The “China Life Insurance Industry Experience Life Table (2025)” (i.e., the so-called fourth life table commonly referred to within the industry) has been implemented in full since January 1, 2026. Compared with the previous version, the new life table reflects that the life expectancy of residents in China has grown by about 10 years, and the child mortality rate has improved significantly.
Against this broader backdrop, the 2026 edition negative list further proposes strict requirements: “To not prudently judge the main liabilities of the product as required and to not choose the applicable category of incidence rate tables. For medical expense compensation medical liabilities included in health insurance, the evaluation assumptions related to medical expenses must consider medical expense inflation factors as required.”
Industry insiders analyze that as average life expectancy generally increases, retirement products such as annuity insurance that cover longevity risk face greater pressure from long-tail benefit payouts. At the same time, long-term medical expense inflation is an indisputable objective fact. By mandating that regulators consider medical expense inflation factors in the actuarial assumptions for health insurance, they aim to prevent medical insurance products from facing massive claim-payment gaps in the future, and to force insurers to enhance cross-cycle fine pricing and risk management capabilities.
“Filing to comply, to execute in line” further deepened
The “Negative List (2026 Edition)” further strengthens expense control and channel compliance requirements by further refining the implementation of “filing to comply, to execute in line.”
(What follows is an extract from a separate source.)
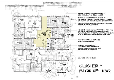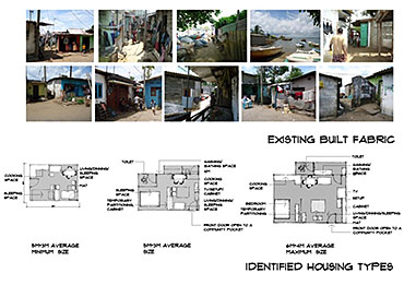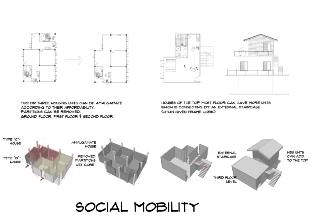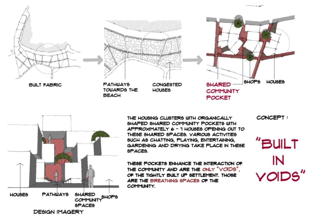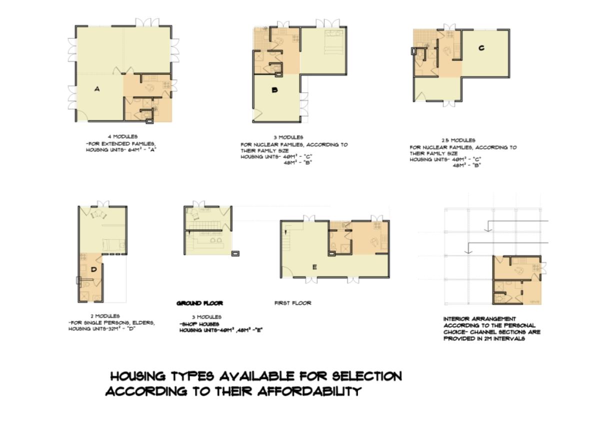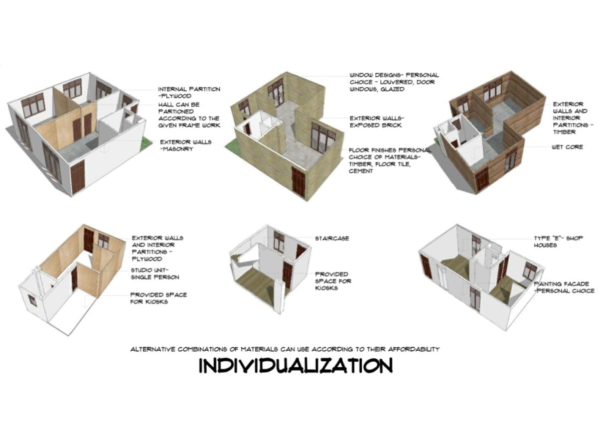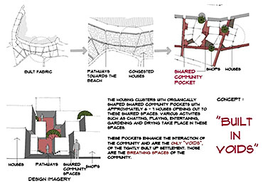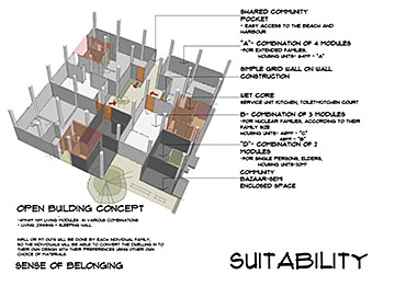 Community Housing Part 2 Project 2012 Chamika Jayarathne University of Moratuwa | Sri Lanka It has been revealed that about 40% of Colombo’s night population lives in under-served, low-income settlements. This project seeks to look at new architectural possibilities for the regional housing predicament by providing flexible, adaptable and incremental residential units for more than 180 squatter families living in a coastal urban edge.The main objective of the design is to provide a shared community pocket to support an interdependent community structure, while maintaining the individuality and ownership of the private housing units. The subsequent spatial design caters to the perceived activity patterns of the community as well as the need to introduce new activities to sustain the community’s future. The ability to personalize the interior and exterior to reflect one’s own individuality- without disrupting the housing environment as a whole - and the need to create a strong public realm have therefore been the key design parameters.The planning of the settlement is based on a network of clustered housing units and pedestrian pathways, linking the whole community together. A typical cluster consists of approximately 6 - 7 houses, opening out to a shared community space. The houses are informally organized around these organically-shaped community pockets, which provide the backdrop to community activities such as chatting, playing, entertaining, gardening and drying of clothes.These pockets enhance the interaction of the community and are the only "voids" in the otherwise tightly built up settlement. These planned – or ‘built-in’ - voids thus are the breathing spaces of the new community. The multi level nature of the building, however, required the ground-based community activities (voids) to be carried across to the upper levels to preserve the community identity and facilitate social interaction.The building as such is designed as three parts: (1) a structural skeleton with the associated provisions for wet services, (2) modular dwelling units to be incrementally inserted to the given structural frame, and (3) the ‘built-in voids’ organized around the dwelling units. The height of the building is limited to four storeys to achieve a walk-able building while complying with the nominal building density regulations proposed for this type of buildings. Tutor(s) Archt. N. Perera

Specifically, the “Negative List (2025 Edition)” prohibited selling channels from simultaneously submitting multiple of the following—“individual agency, internet agency, bank and postal agency, and brokerage agency”—which does not meet the relevant requirements for “filing to comply, to execute in line.” Based on this, the “Negative List (2026 Edition)” focuses the applicable subjects more precisely and revises it to: “Long-term insurance sales channels that simultaneously submit multiple of the following—‘individual agency, internet agency, bank and postal agency, and brokerage agency’—do not meet the relevant requirements for ‘filing to comply, to execute in line.’”
What is meant by “filing to comply, to execute in line” is that insurers should strictly carry out the insurance clauses and insurance rates filed for approval, ensuring that the filing content is completely consistent with actual operating conduct, and to eliminate the chaos of “one thing is filed and another is executed.”
“Filing to comply, to execute in line” was implemented first in bancassurance channels, and was then quickly rolled out across all channels, including individual agency and brokerage agency. Securities firm research points out that “filing to comply, to execute in line” is expected to drive improvements in the industry’s expense ratio, reduce overall operating costs, and enhance insurers’ ability to precisely price risks.
Regarding filing materials, the “Negative List (2026 Edition)” continues to emphasize the authenticity and consistency of expense assumptions. Behaviors such as: “insurance product filing expense assumptions inconsistent with actual expenses; unclear expense descriptions; unreasonable setting of expense levels; profit testing expenses, sales expenses, and total available expenses higher than pricing expenses; and lack of inherent logical consistency among various expenses” are all listed as prohibited acts.